**Records excerpted from a collection**:
┌──

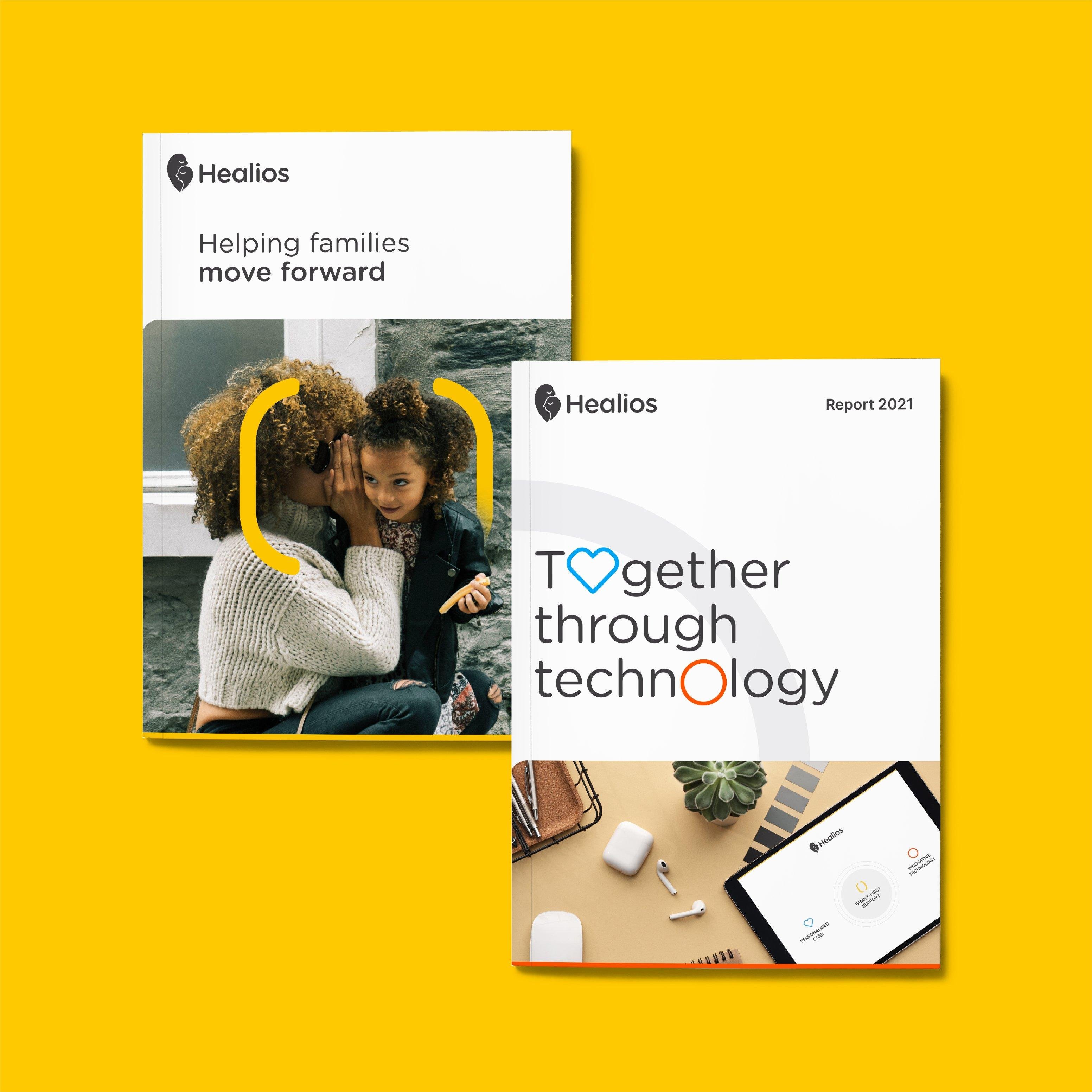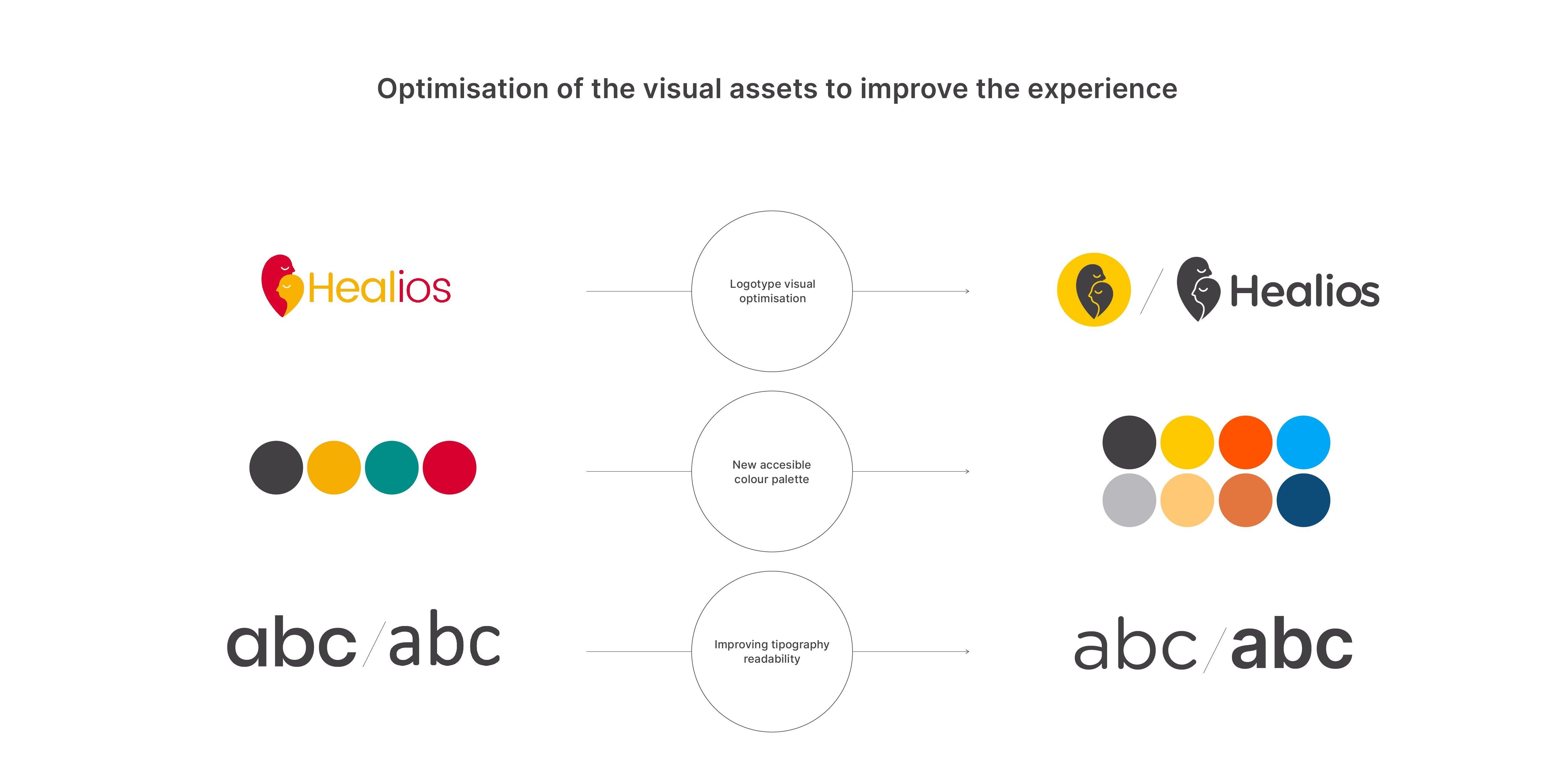 This careful balance inspired the combinations of colours: Positive vibrant colors convey the emotional elements of Healios, while cool greys match their professionalism and innovative nature. Both of which equally define Healios.
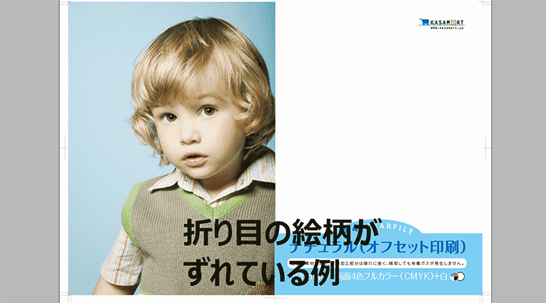 製品の仕上がりサイズぴったりにデータを作成すると、断裁する時に生じるわずかなズレで絵柄が途切れてしまい、キレイな仕上がりになりません。
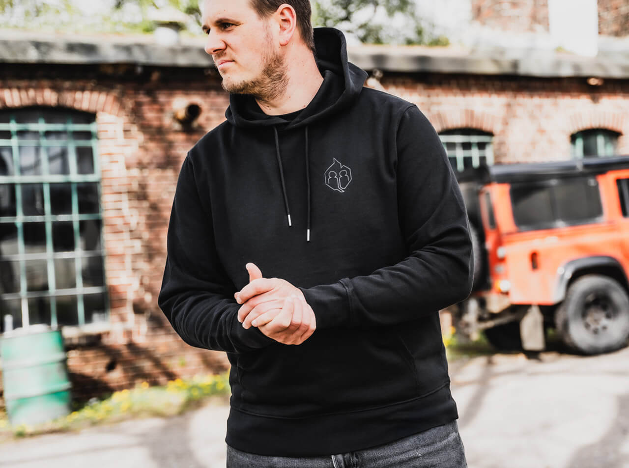 Discover the Naturensöhne Hoodie in Black, the ultimate companion for outdoor adventures, camping, bushcraft, and hiking. This premium hooded sweatshirt, made from 100 % organic cotton and fully vegan, offers maximum comfort and sustainability. The soft inner fleece lining keeps you warm while staying eco-friendly.
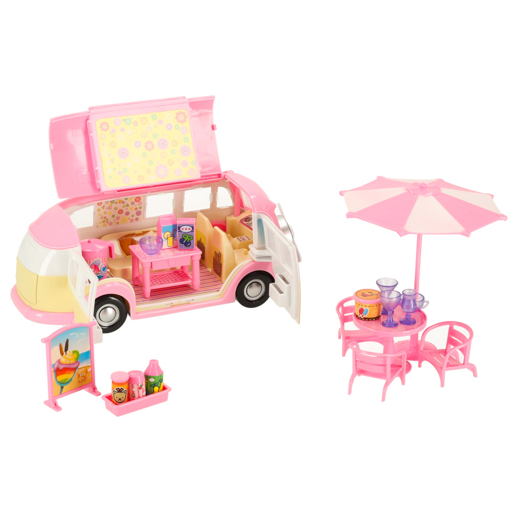 The dollcar inspires spontaneous ideas, allowing children to run their own ice cream store as if they were on a vacation trip. The fold-outcamper is a cleverly designed fold-out car that creates a space where scenarios change like a kaleidoscope. The openable doors of the camper add realism, and the perfectly matched accessories provide convenience during playtime
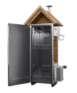 Покращений модульний блок керування (з'ємний) з ключем, Гарантія: 1 рік на всю комплектацію, Поличка зверху, Авторські навіси і засувки, Камера з нержавіючої сталі всередині, Накладні двері, Трикутні поперечини 6 шт, Гачки 20 шт, Регульовані полиці за висотою 2 ряди, Конвекція 1 шт, Вентилятор просушування із зовнішнім шибером 1 шт, Злив для миття камери під кутом 1 шт, Модульний димогенератор з охолоджувачем та фільтром 1 шт, Нагнітач повітря равлик для димогенератора з можливістю працювати від павербанку 1 шт, Регульований димар з виходом під гофру 1 шт, Інструкція з експлуатації 1 шт, Гарантійний талон 1 шт, Тріска 3 упаковки
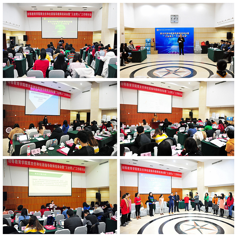 为深入落实立德树人根本任务,系统推进教育部首批“三全育人”改革试点院系工作,进一步加强班主任和社团指导教师队伍建设,2020年1月7日至8日,初等教育学院召开班主任和社团指导教师培训会暨“三全育人”工作研讨会。首都师范大学党委副书记缪劲翔、学生处处长周举坤、北京高校辅导员研修基地执行副主任陈炳哲、学院领导班子、全体专兼职辅导员、班主任、社团指导教师等50余人出席开幕式。
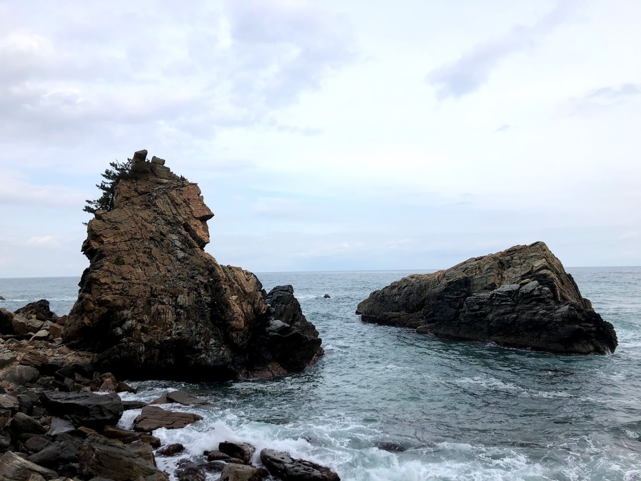 멋진 바위가 더 눈에 띄는 두에기해수욕장
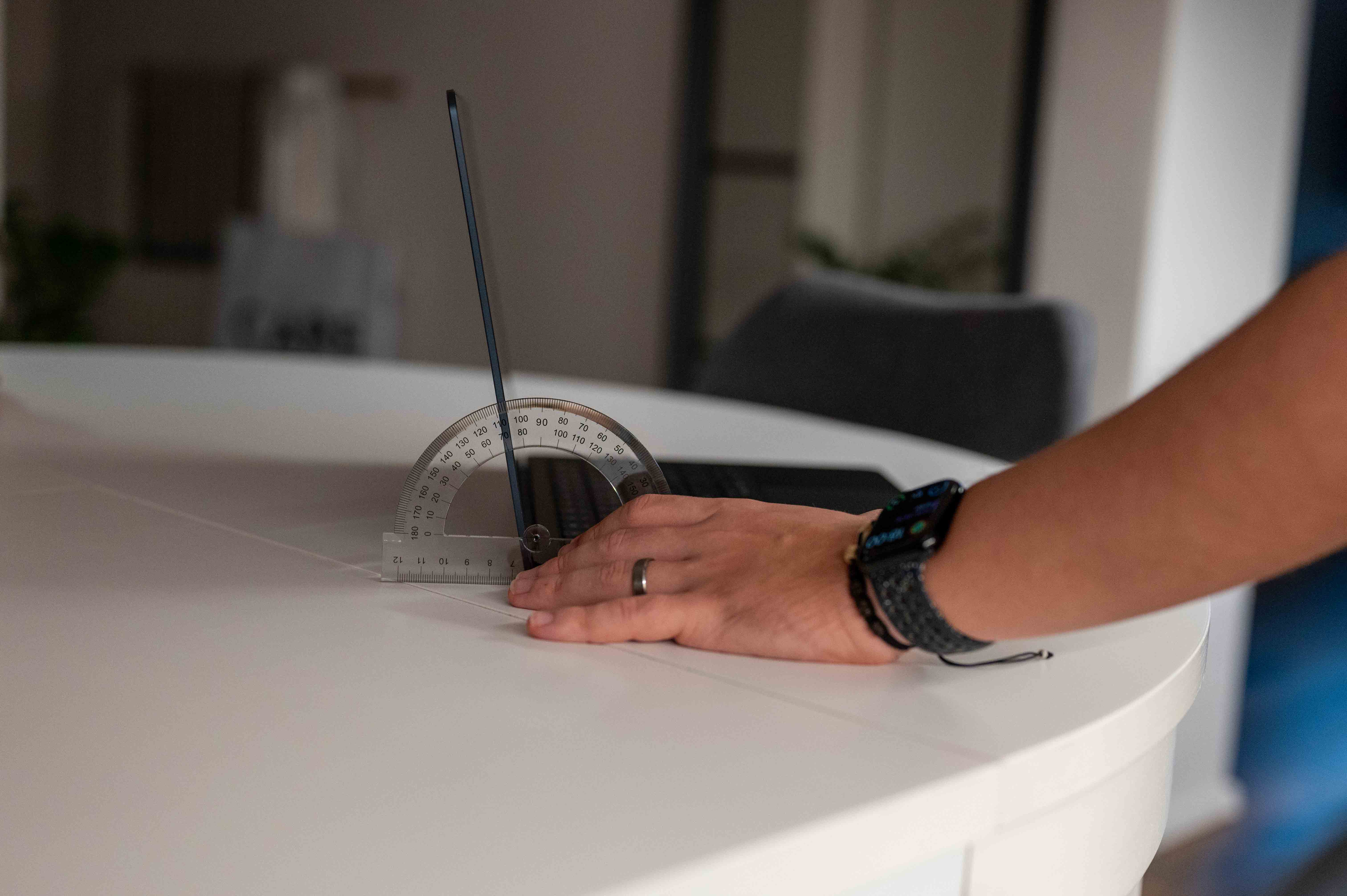 Nastavují to pomocí úhloměru, resp. pomůcky s vyznačeným úhlem.

└──

Give exactly the lines above that run from the line with "製品の仕上がりサイズぴったり" to the line with "The dollcar inspires", both included, leaving every picture out.

**Result**:
 製品の仕上がりサイズぴったりにデータを作成すると、断裁する時に生じるわずかなズレで絵柄が途切れてしまい、キレイな仕上がりになりません。
 Discover the Naturensöhne Hoodie in Black, the ultimate companion for outdoor adventures, camping, bushcraft, and hiking. This premium hooded sweatshirt, made from 100 % organic cotton and fully vegan, offers maximum comfort and sustainability. The soft inner fleece lining keeps you warm while staying eco-friendly.
 The dollcar inspires spontaneous ideas, allowing children to run their own ice cream store as if they were on a vacation trip. The fold-outcamper is a cleverly designed fold-out car that creates a space where scenarios change like a kaleidoscope. The openable doors of the camper add realism, and the perfectly matched accessories provide convenience during playtime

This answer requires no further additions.